I may have given the impression that I thought Diary of the Dead was the fifth part in George Romero’s zombie series... and, well, it sort of is, although it doesn’t continue the careful chronology of its four predecessors. In fact, it’s actually almost a remake of Night of the Living Dead... As in, the one where everything went batshit to begin with.
Here in Diary of the Dead everything goes batshit for the first time again – only this time it all takes place in the much-discussed “digital age” (so called because everyone wears digital watches). Accordingly, instead of just hearing strange reports of the dead returning to life over the radio, here we get viral videos on YouTube, camera-phone footage on MySpace pages... Hell, Romero even shows Anchorwoman In Peril! on a PC screen at one point (or so I fantasized).
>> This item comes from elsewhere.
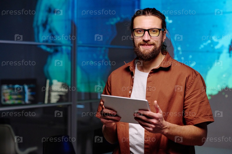 Молодой улыбающийся ИТ-менеджер с планшетом, смотрящий на камеру

And of course we have a hip young cast – film students all – whom we first encounter while they’re out filming an amateur horror movie in the woods. Unlike any previous Dead movie, they’re all gorgeous – just like in your average mainstream horror movie – and it’s here that the jokes begin. Because Diary of the Dead is as much about questioning the relevance of the horror genre in the modern world as it is Romero’s fabled metaphors of “us versus... wait, we are them!”.
Our squeaky-clean teens call themselves documentarians, but their idea of making a documentary is pointing their cell phones at each other and asking for sound bites. Horror is something they clearly believe beneath them – although they obviously also have no idea what they’re doing, since they’re making an old-fashioned, hopelessly anachronistic mummy movie complete with a bandaged baddie and fleeing girl in gothic dress.
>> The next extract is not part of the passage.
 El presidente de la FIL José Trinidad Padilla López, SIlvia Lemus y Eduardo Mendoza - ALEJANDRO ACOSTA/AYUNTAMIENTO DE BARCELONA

So when the dead really do begin to rise, these MySpace-generation media-junkies actually find themselves more at home with videoing the kinds of atrocities they’ve seen on the news a million times before, with the aim of putting the footage online and “getting the truth out”. Despite being forced to kill friends, discover dead family members and survive zombie attacks, they barely bat an eyelid. But, as they point out, they’ve become completely desensitised – as much by making video footage as by viewing it.
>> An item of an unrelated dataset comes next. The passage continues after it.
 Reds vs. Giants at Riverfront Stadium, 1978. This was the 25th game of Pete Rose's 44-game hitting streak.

As for whether you’ll feel any actual sympathy for these cyber-ciphers of characters, I’m less sure. Yes, Diary of the Dead works as a zombie movie (and Romero is the master of the unexpected detail) but I’m not sure it horrifies as a horror movie. There just isn’t the emotional investment. But, as far as I’m concerned, Romero owns the zombie genre and can do whatever the hell he likes with it. He’s already made four undead epics fizzing with emotional and intellectual stimulus... If he thinks the time is right for a step back from the fear-factor in order to shuffle zombie-style in a new direction, then I’m right there with him. And Diary of the Dead is definitely a new direction, one that the director sees right through to the sticky end.
Rating: 4/5
1 comment:
Ross mate,
I concur on all accounts. Only slightly diverging from you here and there. It doesn't really work for me as a zombie film or even really as a horror film. It worked as a vessel for social commentary - yeah absolutely spot on. I appreciate his overt renderings of a panoptic gaze and the commentary on the political failings of the media. But, believe it or not, I actually preferred LAND OF THE DEAD. And I know many a Romero fan who DID NOT like that film. I totally did and prefer it to Diary. Frankly, the Zombie movie in recent years that REALLY made me stand up and shout was Spain's .Rec! LOVED your review Ross. All the best.